> [Exercise details]:
Return the entries verbatim and drop every picture.

> [Entries taken from a collection]:
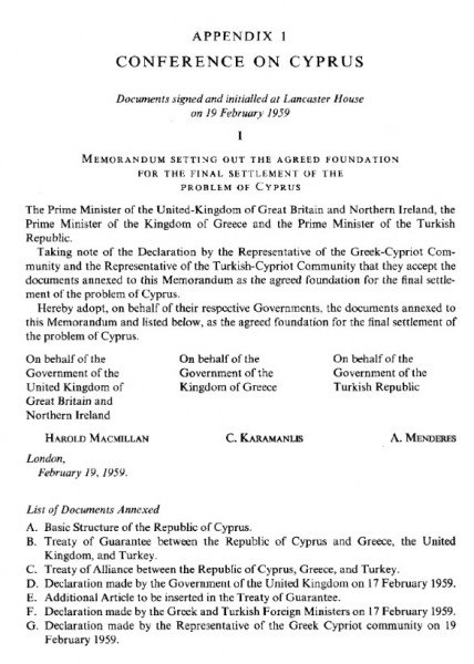 Μετά τη μονογραφή των συμφωνηθέντων στη Ζυρίχη από τους πρωθυπουργούς της Ελλάδας και της Τουρκίας, Κωνσταντίνο Καραμανλή και Αντνάν Μεντερές, στις 11 Φεβρουαρίου 1959, ακολούθησε διάσκεψη των ενδιαφερομένων μερών στο Λονδίνο, όπου προσκλήθηκαν επίσης ο Αρχιεπίσκοπος Μακάριος και ο ηγέτης των Τουρκοκυπρίων, Φαζίλ Κουτσιούκ.
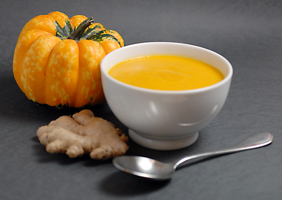 - Một bát súp rau củ, bí đỏ hoặc súp thịt heo hành hoa với vài lát gừng sẽ là thức ăn giúp giải cảm cực hiệu quả.
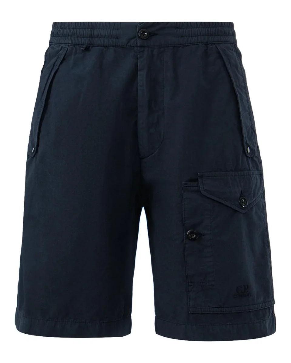 Burmuda con chiusura frontale con bottoni e zip, vita elasticizzata con coulisse interna, tasche laterali con patta, colore blu
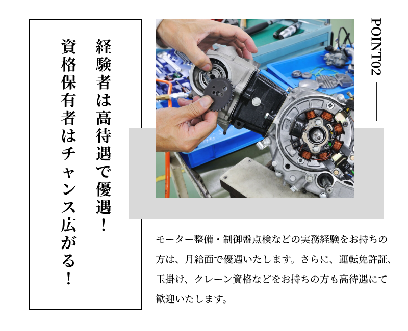| 資格・優遇 | 運転免許証、玉掛けの資格、クレーンの資格をお持ちの方は優遇いたします。 |
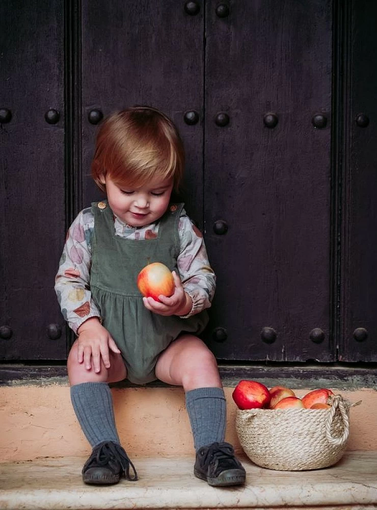 Peto tipo ranita en pana fina color verde con blusa de viella con estampado manzanas.
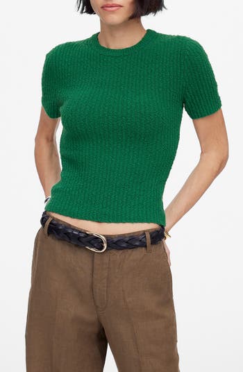 Coming in a cotton blend, this sweater-tee features a nubby-textured ribbed bouclé knit that feels good on the skin.
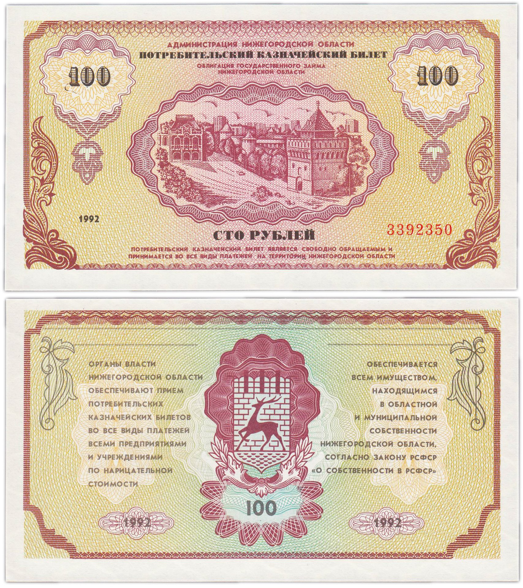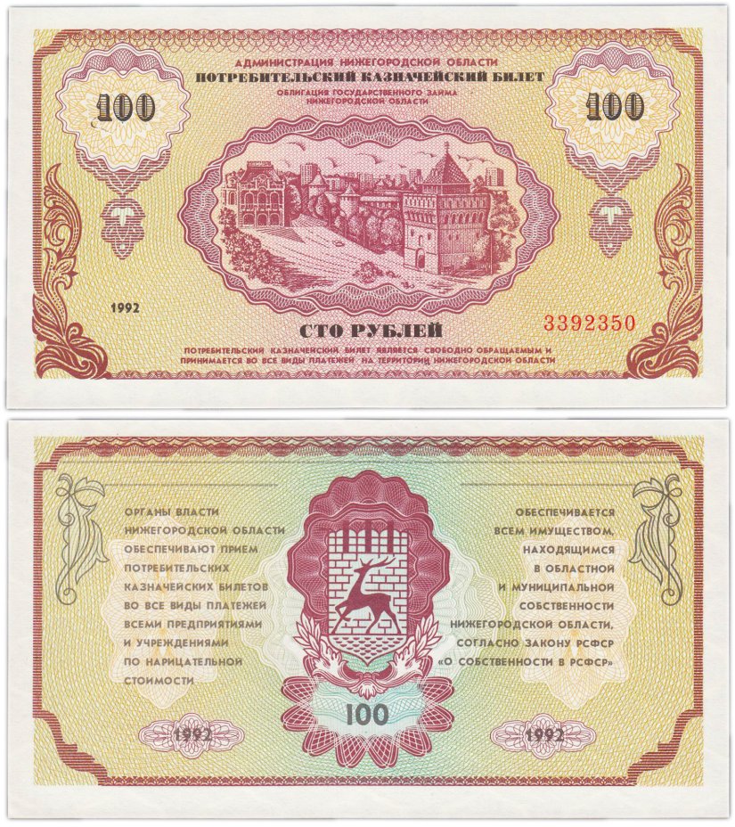Казначейский билет / облигация государственного займа Нижегородской области (т. н. «Немцовка») достоинством в 50 рублей (1992 г.)
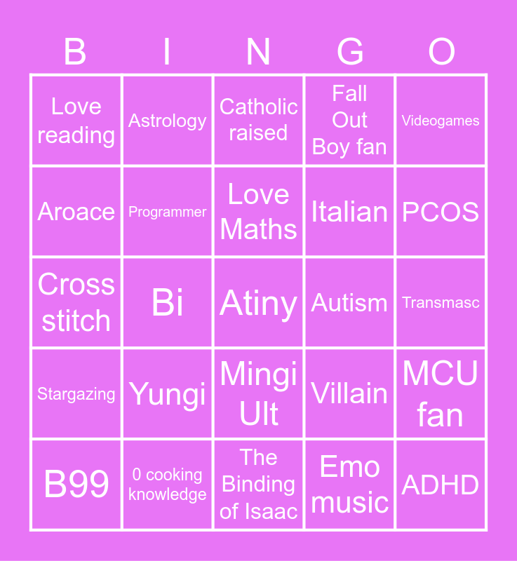 This bingo card has a free space and 24 words: Yungi, 0 cooking knowledge, Love Maths, B99, Videogames, Love reading, Aroace, Astrology, Autism, Mingi Ult, Italian, Cross stitch, Villain, MCU fan, Programmer, Emo music, Transmasc, Catholic raised, PCOS, Bi, ADHD, Stargazing, Fall Out Boy fan and The Binding of Isaac.
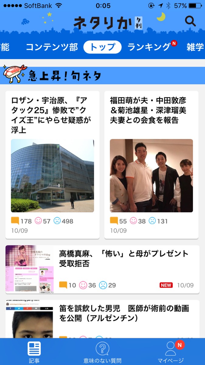 ヤフー株式会社による無料芸能ニュースアプリ、「ネタりか」。芸能ニュースを中心に、恋愛や雑学のジャンルまで毎日800本以上配信されています。「ネタりか」はWEB版も人気ですが、注目度の高いニュースが一度にチェックできる“スペシャルランキング”など、アプリ限定メニューも多数用意されているので、アプリ版がおすすめ。サクサク読み進められるところもアプリの魅力です。さらに配信されるニュースは、ちょっとした世間話のネタになるような面白いニュースばかり!速報の芸能ゴシップニュースだけでなく、ブログやインスタをピックアップした芸能人ニュースも続々配信されるので、暇つぶしにピッタリです。通勤時間や通学時間のお供に、ぜひ覗いてみてください。
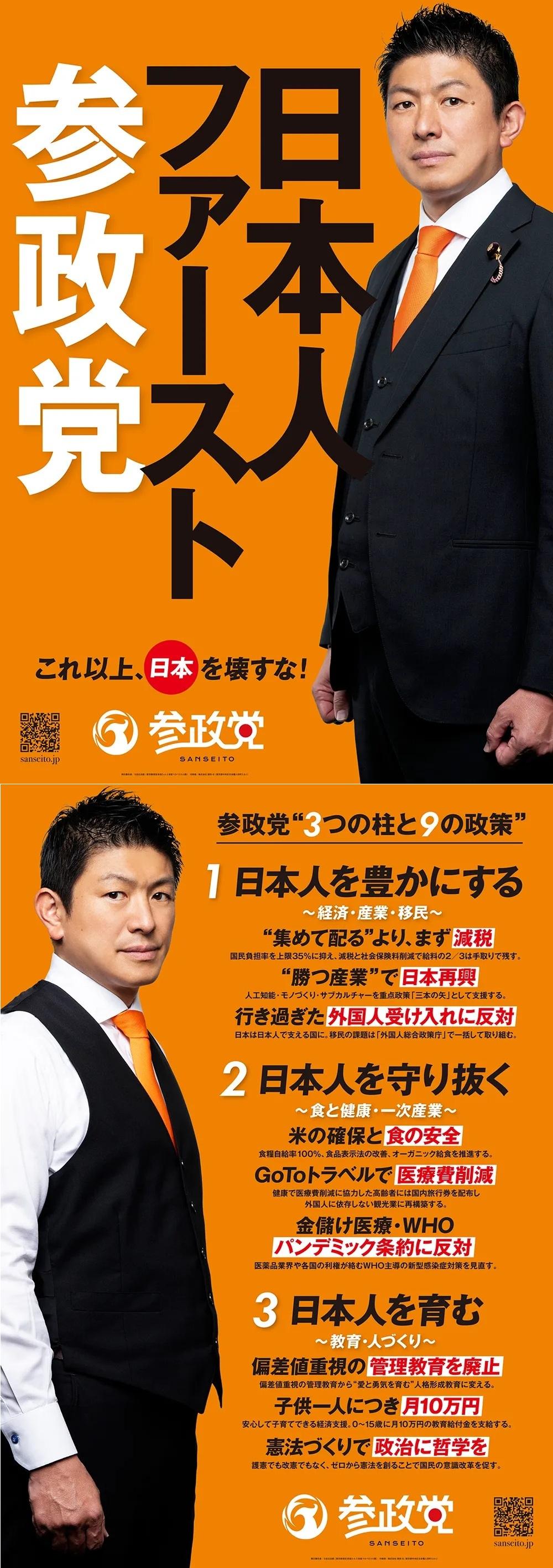 参政党は先の参議院選挙でこの『日本人ファースト』を旗印に掲げ、

> [Response area]:
 Μετά τη μονογραφή των συμφωνηθέντων στη Ζυρίχη από τους πρωθυπουργούς της Ελλάδας και της Τουρκίας, Κωνσταντίνο Καραμανλή και Αντνάν Μεντερές, στις 11 Φεβρουαρίου 1959, ακολούθησε διάσκεψη των ενδιαφερομένων μερών στο Λονδίνο, όπου προσκλήθηκαν επίσης ο Αρχιεπίσκοπος Μακάριος και ο ηγέτης των Τουρκοκυπρίων, Φαζίλ Κουτσιούκ.
 - Một bát súp rau củ, bí đỏ hoặc súp thịt heo hành hoa với vài lát gừng sẽ là thức ăn giúp giải cảm cực hiệu quả.
 Burmuda con chiusura frontale con bottoni e zip, vita elasticizzata con coulisse interna, tasche laterali con patta, colore blu
| 資格・優遇 | 運転免許証、玉掛けの資格、クレーンの資格をお持ちの方は優遇いたします。 |
 Peto tipo ranita en pana fina color verde con blusa de viella con estampado manzanas.
 Coming in a cotton blend, this sweater-tee features a nubby-textured ribbed bouclé knit that feels good on the skin.
Казначейский билет / облигация государственного займа Нижегородской области (т. н. «Немцовка») достоинством в 50 рублей (1992 г.)
 This bingo card has a free space and 24 words: Yungi, 0 cooking knowledge, Love Maths, B99, Videogames, Love reading, Aroace, Astrology, Autism, Mingi Ult, Italian, Cross stitch, Villain, MCU fan, Programmer, Emo music, Transmasc, Catholic raised, PCOS, Bi, ADHD, Stargazing, Fall Out Boy fan and The Binding of Isaac.
 ヤフー株式会社による無料芸能ニュースアプリ、「ネタりか」。芸能ニュースを中心に、恋愛や雑学のジャンルまで毎日800本以上配信されています。「ネタりか」はWEB版も人気ですが、注目度の高いニュースが一度にチェックできる“スペシャルランキング”など、アプリ限定メニューも多数用意されているので、アプリ版がおすすめ。サクサク読み進められるところもアプリの魅力です。さらに配信されるニュースは、ちょっとした世間話のネタになるような面白いニュースばかり!速報の芸能ゴシップニュースだけでなく、ブログやインスタをピックアップした芸能人ニュースも続々配信されるので、暇つぶしにピッタリです。通勤時間や通学時間のお供に、ぜひ覗いてみてください。
 参政党は先の参議院選挙でこの『日本人ファースト』を旗印に掲げ、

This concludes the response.